I'm not sure what to do with all of this. Should I find a new way to self sooth or should I learn to sit with my emotions no matter how unpleasant? What do "normal" people do? Does everyone use a crutch to get by or is there some better adjusted way of being?
Thursday, October 16, 2008
Wednesday, October 15, 2008
I spent my entire lunch hour walking with a much more physically fit friend. We walked up to a park which is a little over a half a mile as the crow flies, then we walked a 1.5 mile circuit in the park and walked back. It's the route I used to do every day when I was loosing weight more quickly, and I find it incredibly challenging. When I got back, I was sweaty, but I felt like I'd really accomplished something.
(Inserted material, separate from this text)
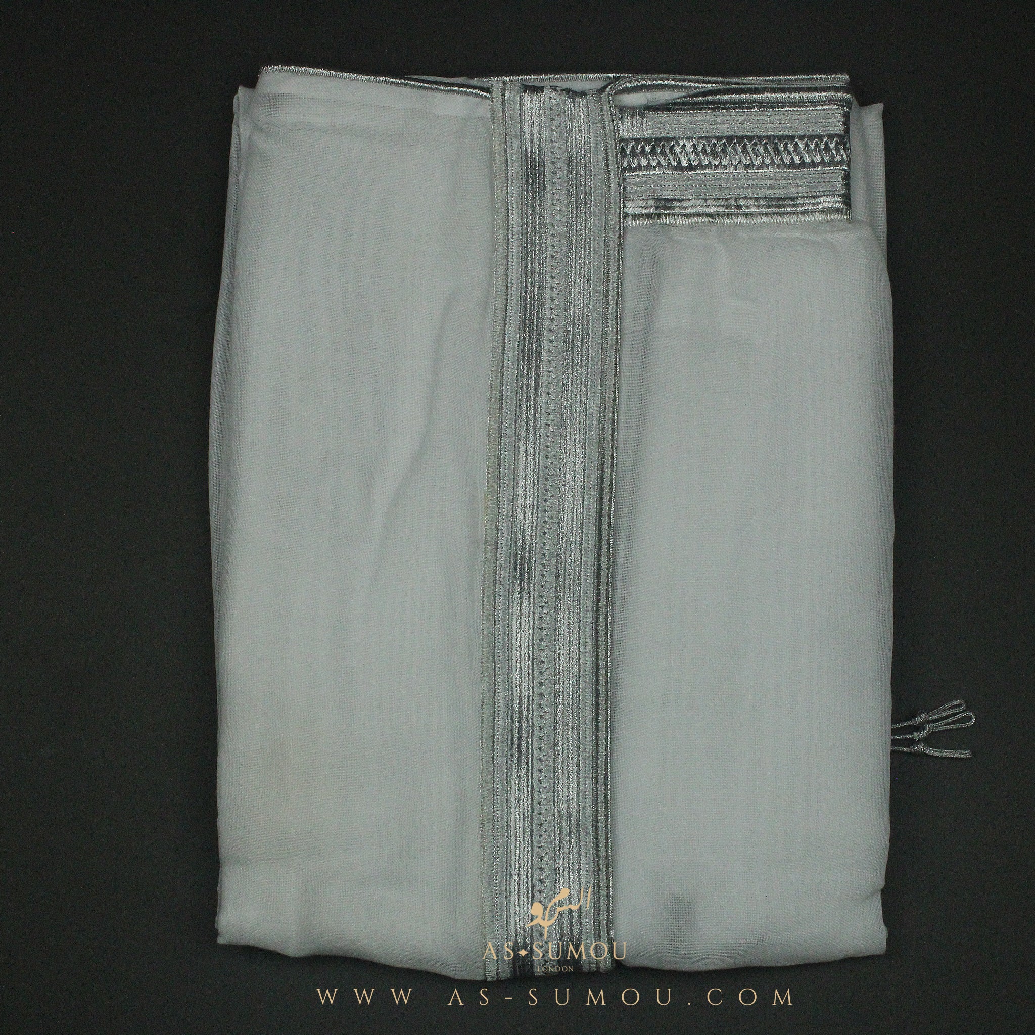 Crafted with meticulous craftsmanship, our white royal Khaleeji Bisht exudes an air of mystery and authority. What truly sets this bisht apart is its unique and intricate embroidery, a rare find that distinguishes it from any other bishts.

Also, last night was grocery night and I made the mistake of going shopping hungry. All the cookies and danishes seemed even more tantalizing than usual, but I made a conscious effort to visualize what my success would look like and how I would feel when I got there. I reminded myself that buying baked goods would delay my success. That was enough to keep me motivated.
Finally, after dinner, although I felt full and lazy, I took a twenty minute walk. I felt focused and energized and am glad to have some good news to report.
Tuesday, October 14, 2008
I've been on a bit of a cleaning spree lately. I think I've been hoping that if I can purge the clutter and restore some order to my environment that my mind might follow suit. I decided to tackle my desk drawer last week. Mostly it was stuffed with old deposit slips, memos and post it notes with phrases like "pickles Thursday" which have long since lost their meaning.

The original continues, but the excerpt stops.